Le président Joe Biden a salué le vote de mercredi, notant que cela signifie que 17 millions de personnes supplémentaires aux États-Unis sont désormais qualifiées pour se faire vacciner.

«J’encourage leurs parents à s’assurer qu’ils se font vacciner», a-t-il déclaré. «Comme je l’ai promis la semaine dernière, nous sommes prêts. Cette nouvelle population va trouver le déploiement du vaccin rapide et efficace. »

En plus des sites de vaccination de masse et des déploiements de services de santé qui étaient essentiels pour les adultes, de nombreux États offriront aux enfants des options plus familières – l’envoi de doses aux pédiatres et même aux écoles.

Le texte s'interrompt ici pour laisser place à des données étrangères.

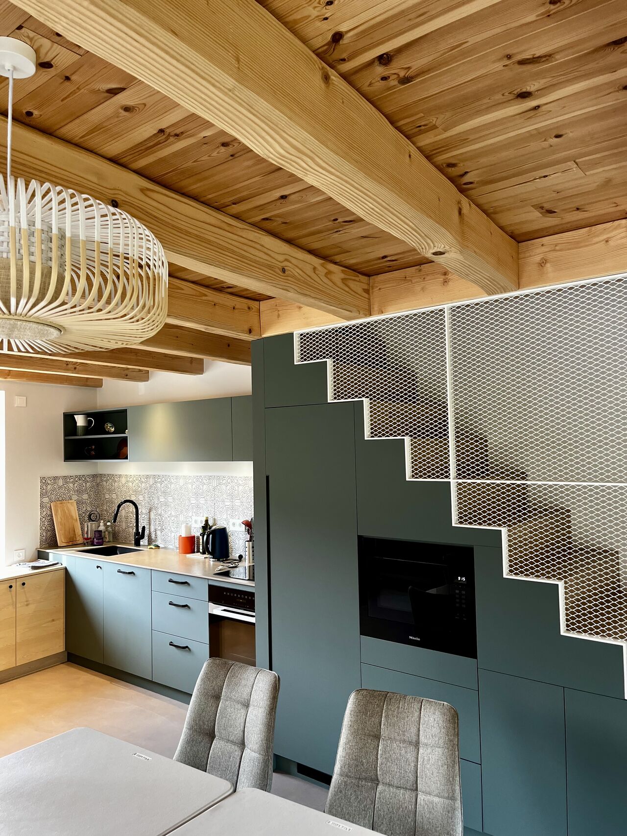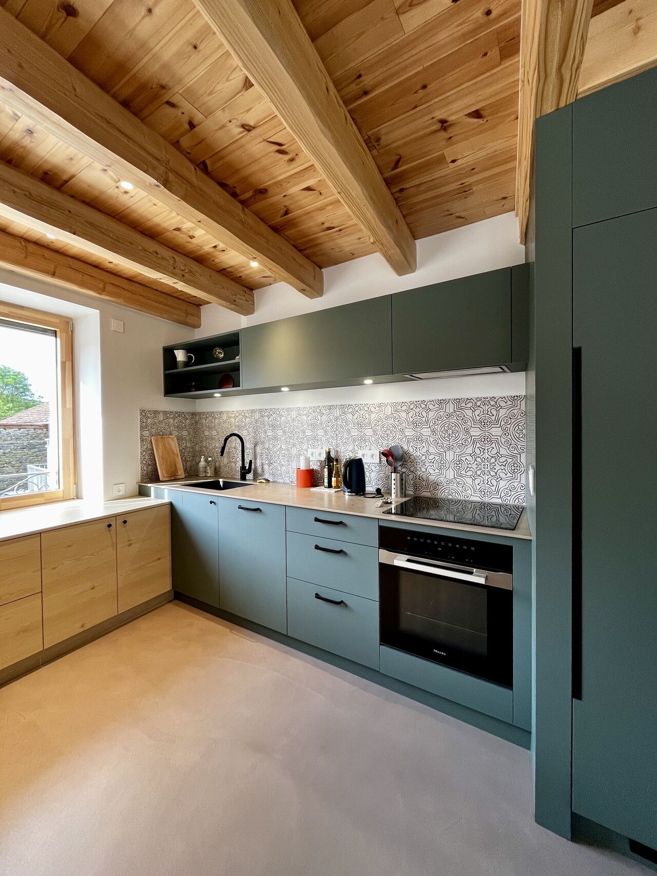 Bei dieser von Chloé Bourdelain gestalteten Renovierung verbindet die Küche Authentizität und Modernität in einer gemütlichen und eleganten Atmosphäre.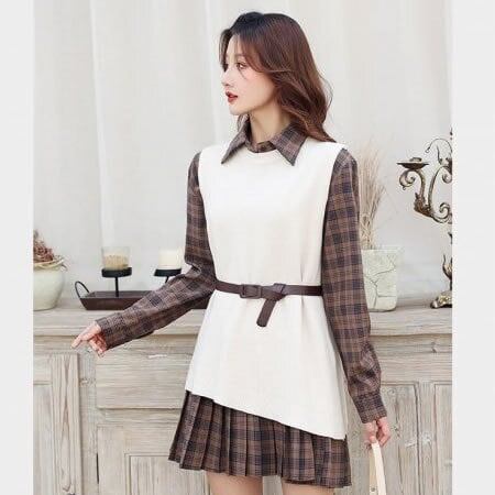 ワンピース ニットベスト チェック柄 ミニ丈 シャツワンピース セットワンピース ベルト 長袖 秋 春 プリーツスカート ブラウン レディース Aライン 10代 20代 トレンド ウエストマーク

Pfizer n’est pas la seule entreprise à chercher à abaisser l’âge limite de son vaccin. Moderna a récemment déclaré que les résultats préliminaires de son étude chez les 12 à 17 ans montrent une forte protection et aucun effet secondaire grave, des données que la FDA devra examiner.

Quant aux enfants encore plus jeunes, les deux sociétés ont commencé des tests chez des jeunes âgés de 6 mois à 11 ans. Ces études explorent si différentes doses sont nécessaires aux plus jeunes âges, et la FDA prévoit de tenir une réunion publique le mois prochain pour débattre exactement des preuves nécessaires.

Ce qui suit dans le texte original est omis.